BY Bree Rockbrand & Lynn Fattal

Sara McQuaid’s kitchen cupboard is filled with repurposed mason jars.

In another life, a jar that once contained pasta sauce is now filled with M&Ms. Another holds sour gummy worms, and another, boiling with irony, dry pasta. Her fridge is stocked with fresh fruits and vegetables, most of which she buys without plastic packaging. She separates her waste into different bins, making sure to recycle and compost, even though it takes up space in her kitchen. Her sweater, like most of her wardrobe, is second-hand.

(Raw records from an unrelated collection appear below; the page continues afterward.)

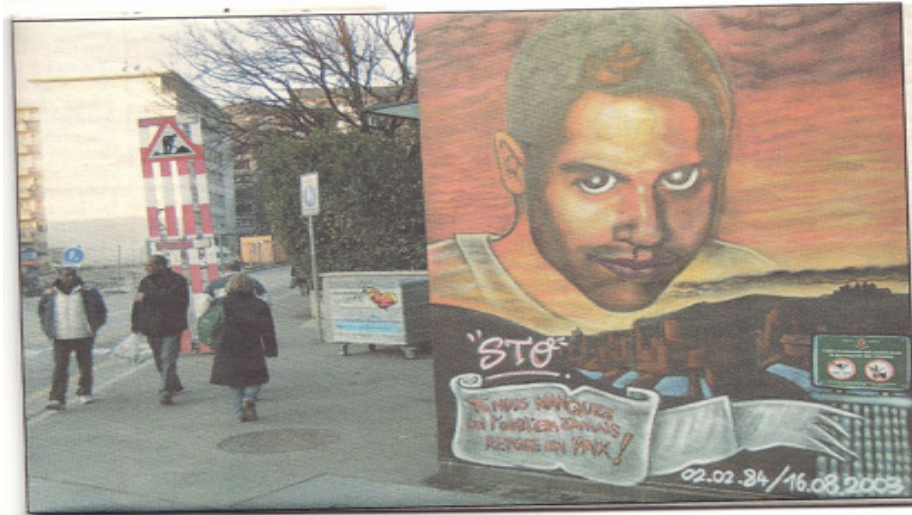
Fig. 24 : Graff (Tiré d'un article du journal Le Courrier (Genève), le 17 Décembre 2005, p10)

Le premier a été effectué après 2004, le jeune avait 19 ans. Le second graf, pour un jeune décédé en 2008 à l'âge de 24 ans, a été produit à Grenoble sur un axe cycliste très fréquenté pour aller sur le site universitaire :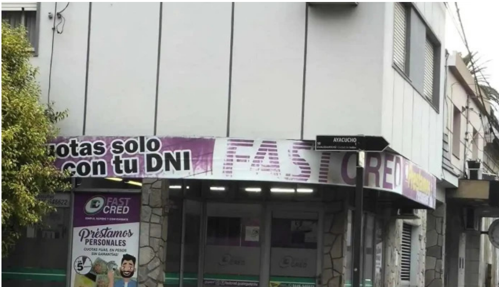
Fastcred franquicia gualaguaychu abierto ahora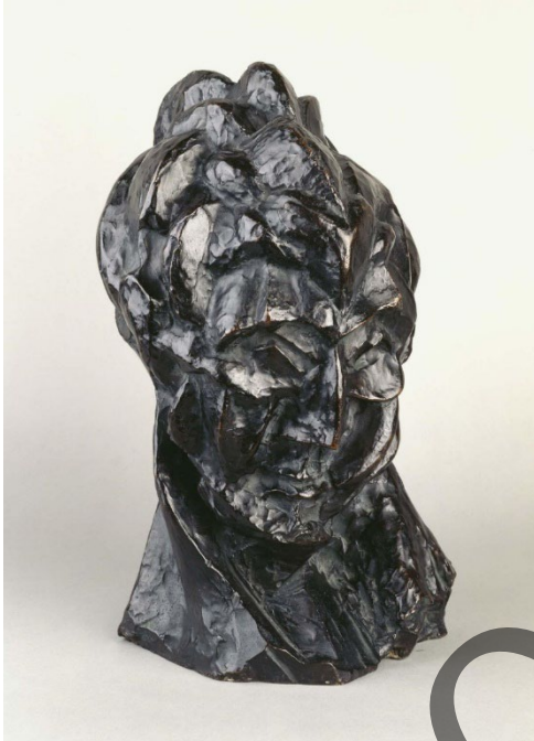
Pablo PICASSO: Cabeza de Fernande Olivier (1909)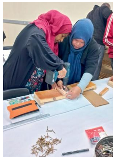
Οι νέοι δοκιμάζονται ως επιστήμονες πληροφορικής, κομμωτές ή τεχνίτες τοποθέτησης πλακιδίων.

Σε μια αφίσα, μπροστά από μια από τις Νεοαποστολικές εκκλησίες, είδε την προτροπή να εγγραφεί στα μαθήματα και εγγράφηκε τελικά στις 30 Ιανουαρίου.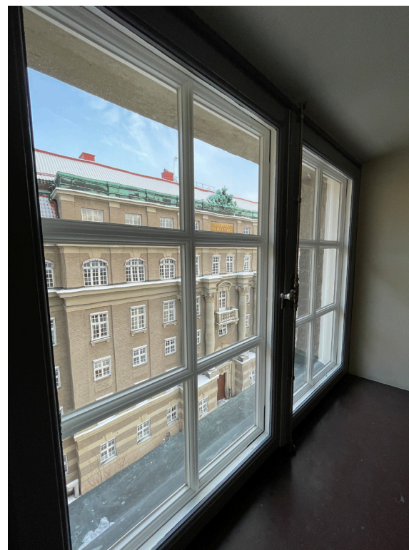
Fönster med munblåst fönsterglas i innerbågen.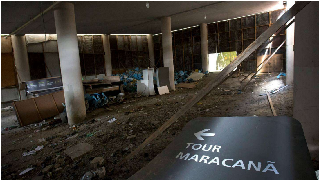
Slika 16. Unutrašnjost Maracane nekoliko mjeseci nakon Igara (Službena stranica The Irish Times, pristupljeno 23.8.2022.)

Međutim, olimpijsko je selo predstavilo problem i u ovome izdanju. Smještajni kapaciteti koji su pružili dom sportašima u Riju, nakon Igara trebali su biti prenamijenjeni u luksuzne stanove. Gradnja stambenih objekata u olimpijskom selu stajala je organizatore 700 milijuna dolara. S obzirom na to da je Rio već u početku financijski premašio planirani budžet, ovakvo se što nikako nije smjelo dogoditi. (Službena stranica Business Insider, 29.8.2022.)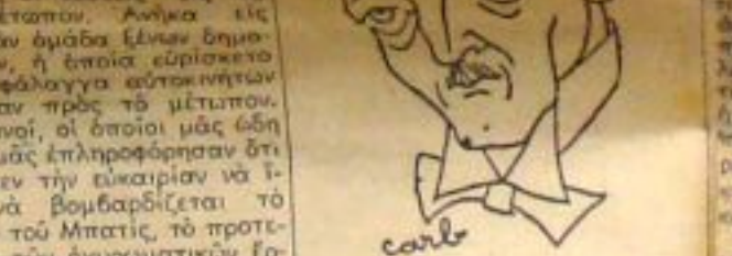
ΜΠΙΓΚΚΑΡ, πρόην νεμάρχη κατηχηροσύνης έπι καταχρηστί, προεπίστη τών κερμηνοεινών.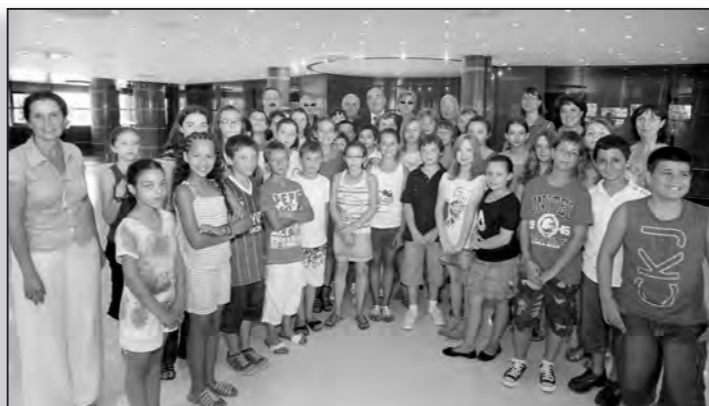
Les jeunes et heureux gagnants de "Lire, c'est classe"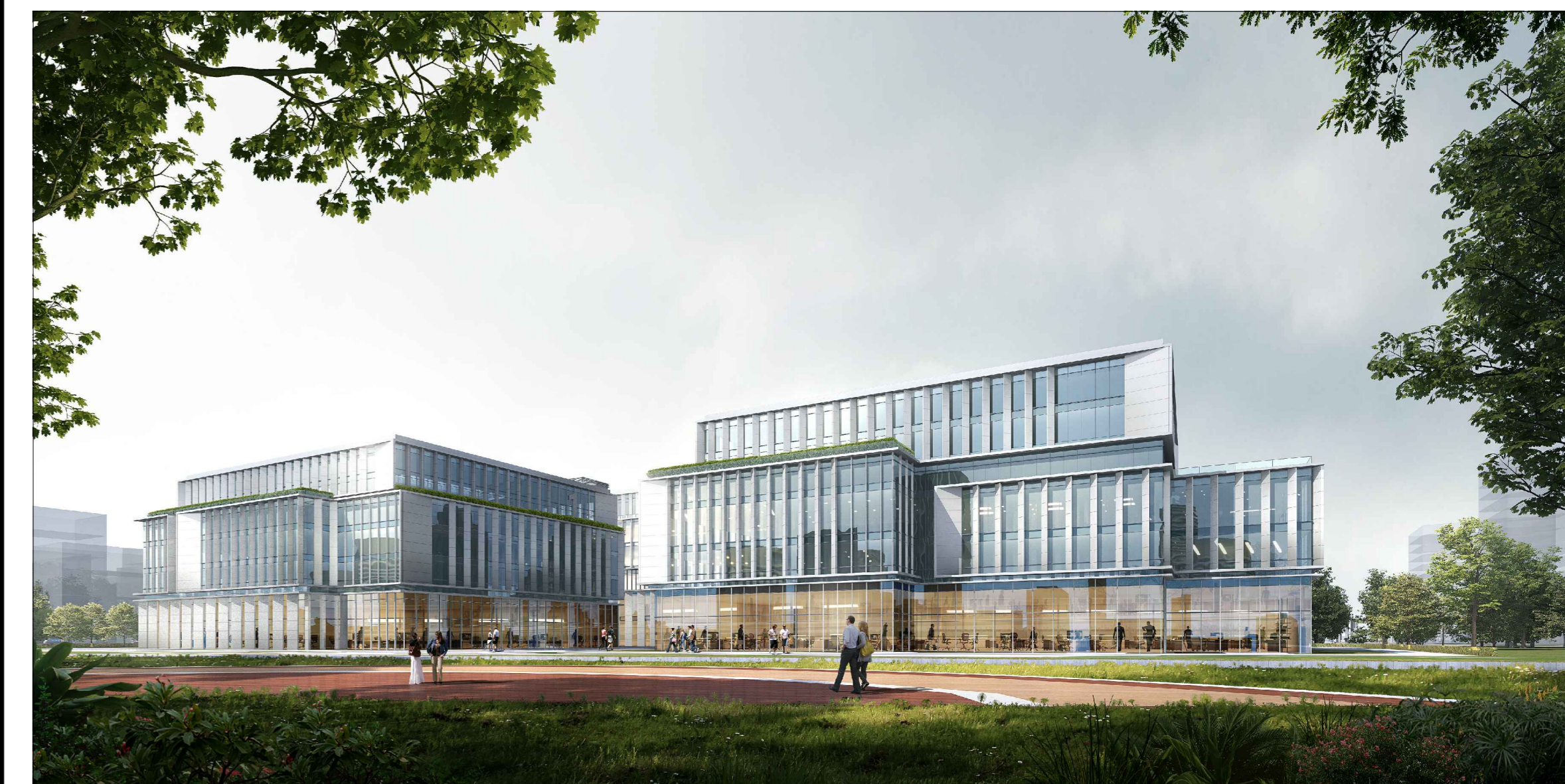
单体效果图（仅为示意）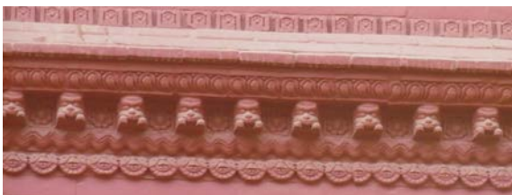
ファッション化した伝統意匠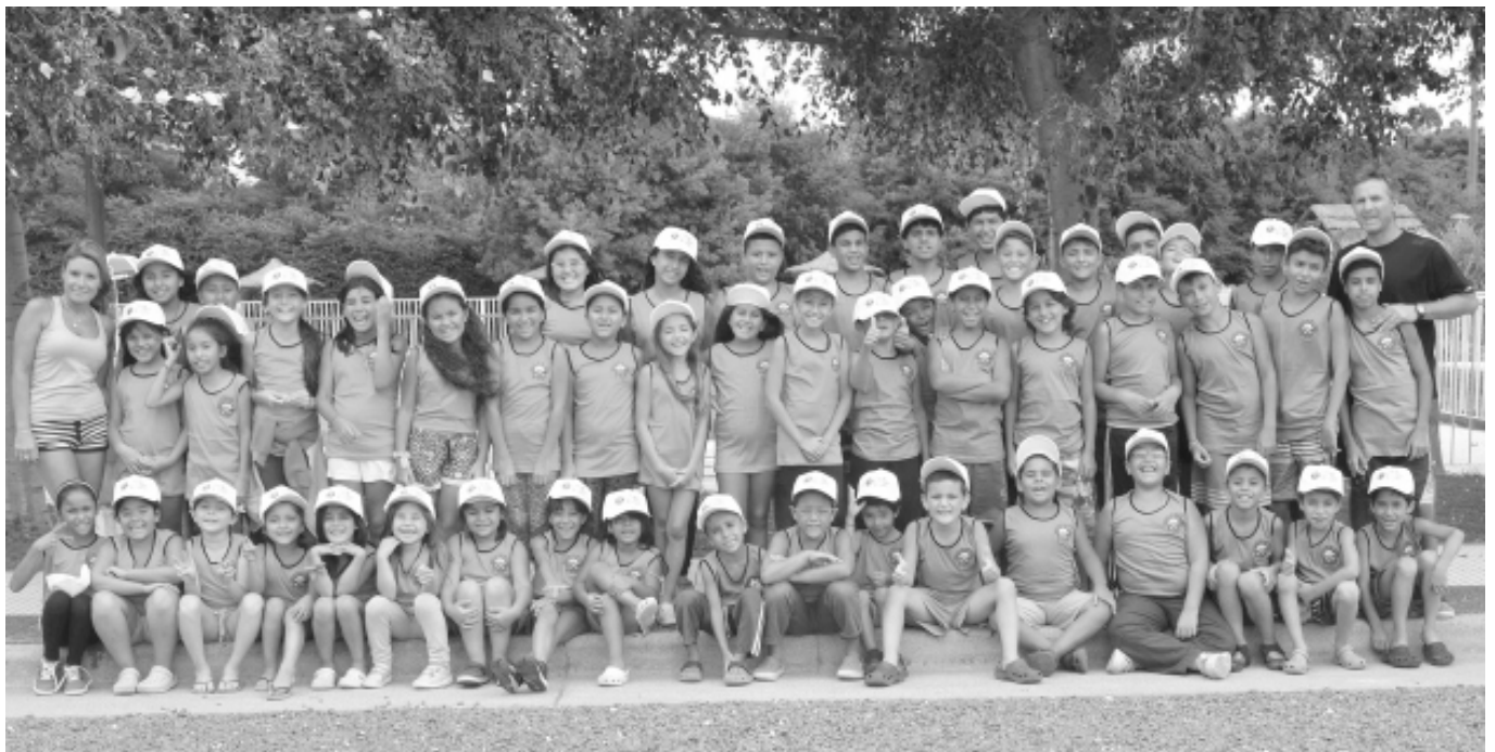
Asistentes a la Colonia de Verano edición 2016.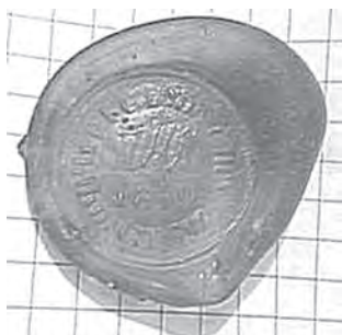
Мал. 17. Печатка невідомого (на склі)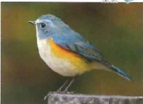
通常は、「チッチッ」という鳴き声だが、さえずりは、まるで口笛のようなきれいな声。

瑠璃鶉 【Red-flanked bluetail】 スズメ目ヒタキ科 14cm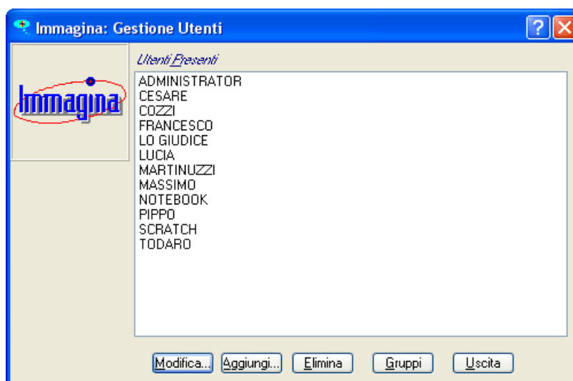
Fig. 6.1 – La finestra principale del modulo Gestione Utenti

Il modulo Gestione Utenti , accessibile tramite l'omonimo bottone della finestra principale del modulo di amministrazione, si presenta all'amministratore come in Fig. 6.1.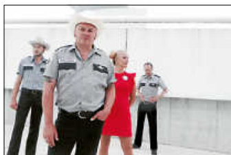
Los Santos

Mit dem Programm „Cowboys & Cosmonauts“ huldigen Los Santos den Weltraumphantasien und dem Sound der 1960er Jahre. Sie verbinden flirrende Orgeln, analoge Effekte, Gitarren mit viel Twang, exotische Rhythmen und betörenden Duettgesang mit Geschichten von Raumschiffen, der Suche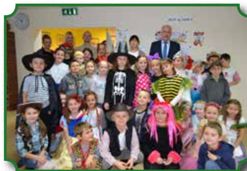
Świątowy Dzień Postaci z Bajek

Wnętrze biblioteki zaplanowano kładąc nacisk na funkcjonalność; obiekt zapewnia czytelnikom łatwość i komfort korzystania z biblioteki. Nowoczesny budynek stał się wizytówką miasta i gmi-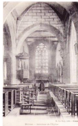
L'intérieur de l'église avant 1960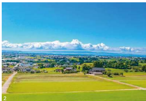
1. 多くの親子連れでにぎわう「東福寺野自然公園」のふわふわドーム 2. 山側から望む市街地と富山湾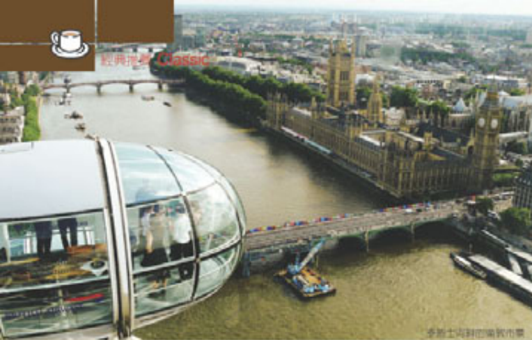
泰晤士河上的倫敦市景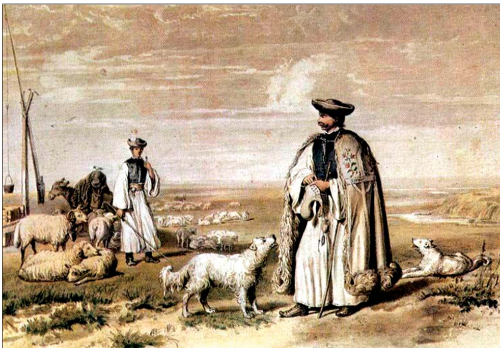
Barabás Miklós: „A juhász”, 1855 (Kresz 1956, 81. tábla)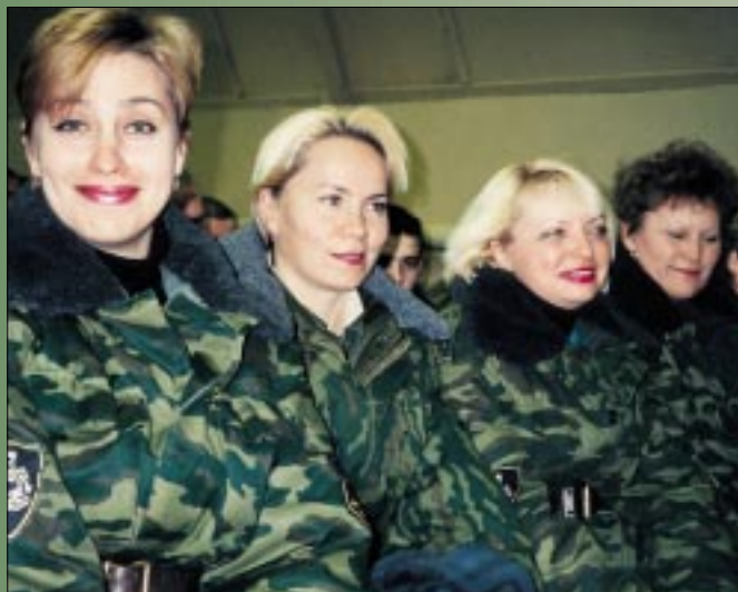
Врачи и медсестры медицинского отряда специального назначения Главного военного клинического госпиталя ВВ МВД РФ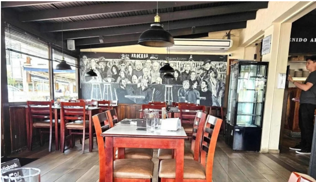
Bar arocena comentario 8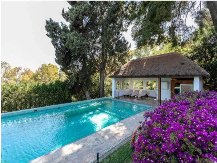
Alternative Ansicht des Poolbereiches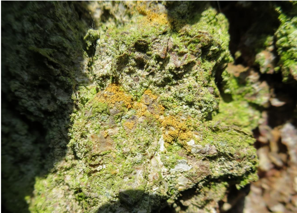
Foto 1: Chaenotheca ferruginea (roestbruin schorssteeltje) op berk!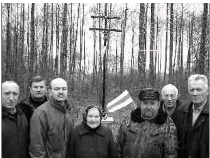
Ля крыжа .

25 Сакавіка, на Дзень Незалежнасьці, мы паставілі там трохмэтровы шасціканцовы дубовы крыж. Крыж асьвяціў айцец Генрых. Потым у вёсцы Асавая айцец Генрых рабіў літургію ў гонар Дня Незалежнасьці. Да гэтага часу гучаць у душы ягоныя словы із прапаведзі; „... ня толькі абвяшчэньне, але і стварэньне Беларускай Народнай Рэспублікі!”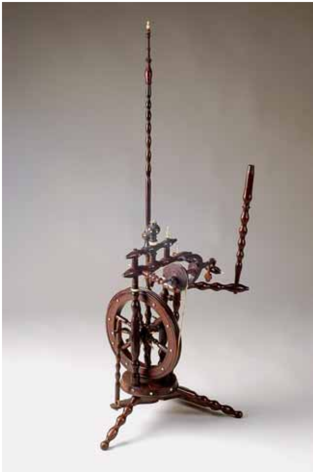
328 ROCA DE FIAR, madeira exótica, aplicações em marfim, portuguesa, séc. XIX, pequenas faltas e defeitos Dim. - 115 x 117 x 54 cm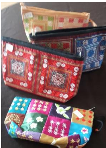
N° 29 trousse soie 23 x 12 - 10 €

Disponible à Vouvant, sauf vente entre-temps.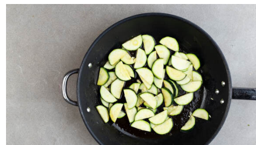
2. Zucchini braten

Die Pasta in das kochende Wasser geben und in ca. 3Min. bissfest kochen. Den Spinat in den Topf zu der Pasta geben und für die letzten ca. 30Sek. mitkochen. Die Pasta und den Spinat in ein Sieb abgießen und abtropfen lassen.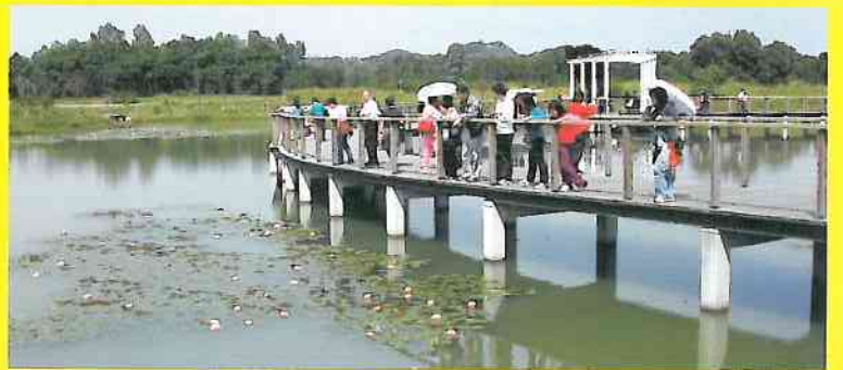
大家投身大自然、欣賞獨特的景觀，更受到一次生動的生態保育教育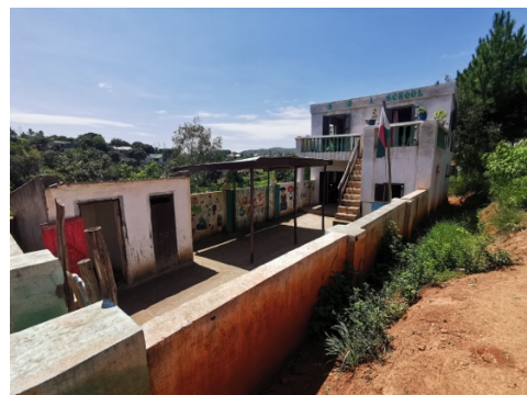
Soa school (l'école du savoir pour tous)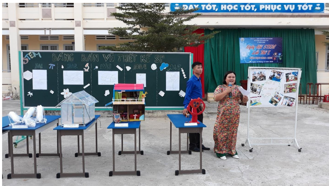
Phần thi: Tìm hiểu về Stem.

Ở phần thi “Tìm hiểu về STEM”, các đội chơi được lắng nghe các kiến thức chung, trả lời một số câu hỏi về STEM. Phần thi nhằm giúp cho học sinh hiểu rõ hơn về STEM và bước để tạo ra một sản phẩm STEM.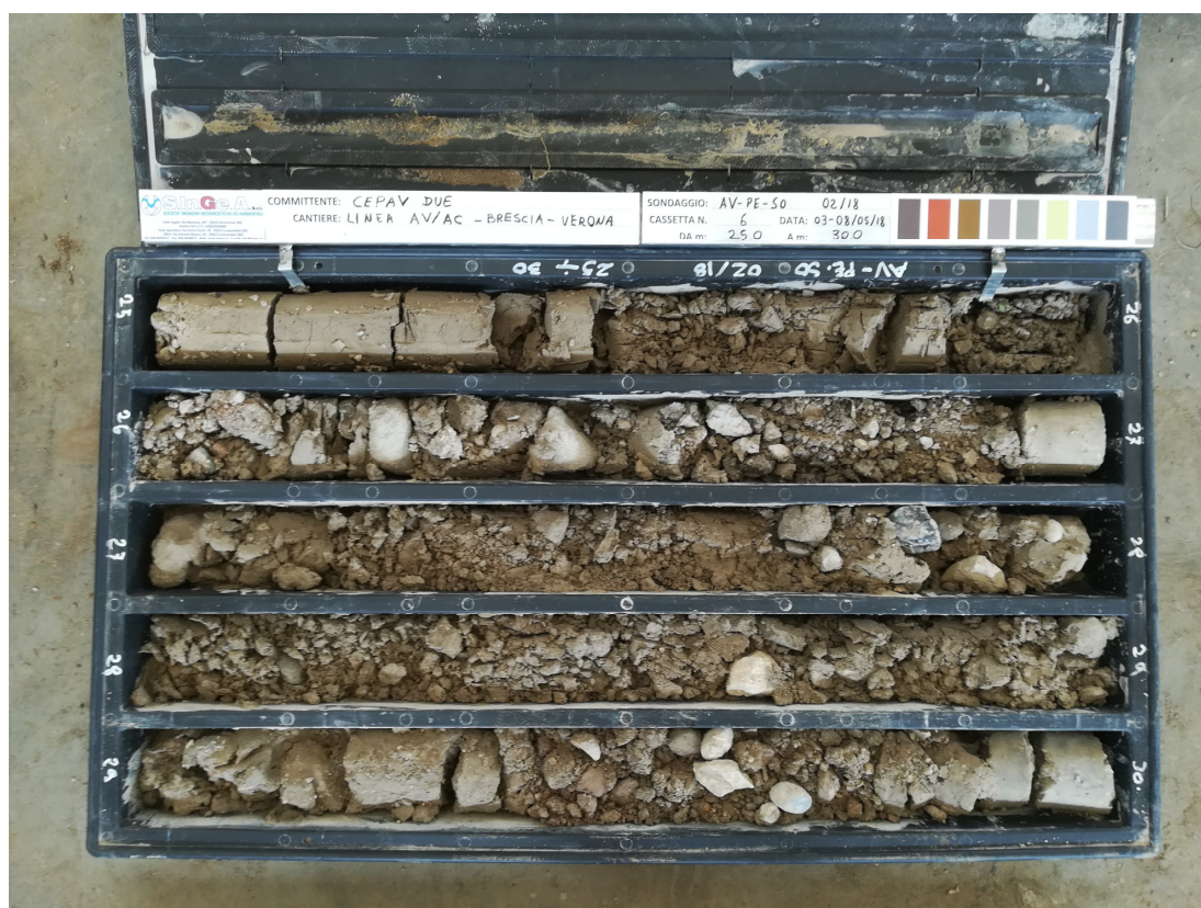
SONDAGGIO AV-PE-SO-02/18 – Cassa n.6 da 25.00 m a 30.00 m

“I’m kind of coming back to that sense of like, somebody made this, and now I’m responsible for it, and I need to treat it well because when I’m done with this, where is it going to go?” asks McQuaid. “To the ocean? To a landfill? God knows where. That shift is really, really, really scary and overwhelming, but it’s needed so badly right now.” 


McQuaid’s been living a zero-waste lifestyle since 2022, when she moved to Montreal. Her interest in the lifestyle was sparked after an experience she had while living in Asia.

“I walked into this grocery store and all the bananas in the store were single wrapped in Styrofoam containers wrapped in plastic, and I thought to myself, that’s the stupidest thing I’ve ever seen,” she says. “It got me thinking, wow, all of that Styrofoam right there. If they threw all of that out right now, that would be like a whole dumpster’s worth of Styrofoam.”

She thought about the piles of food that are wasted every day. From then, McQuaid says, she began to consider her own patterns.

She doesn’t drive a car, shops at second-hand stores, and tries her best to buy groceries from zero waste and bulk stores. McQuaid knows she is an outlier – while zero-waste living is growing in popularity, it is still far from the norm.

McQuaid sorting through clothes in her closet

McQuaid tidies up her closet, made up almost exclusively of second hand clothing. Photo by Bree Rockbrand.

The City of Montreal is on its own journey to become a zero-waste city. 2025 marks the end of Montreal’s Zero-Waste 2020-2025 plan. The fourth iteration of a larger effort to meet their 2030 zero-waste goal, this plan includes significantly reducing waste generation by promoting recycling and composting, and minimizing the environmental impact of waste disposal.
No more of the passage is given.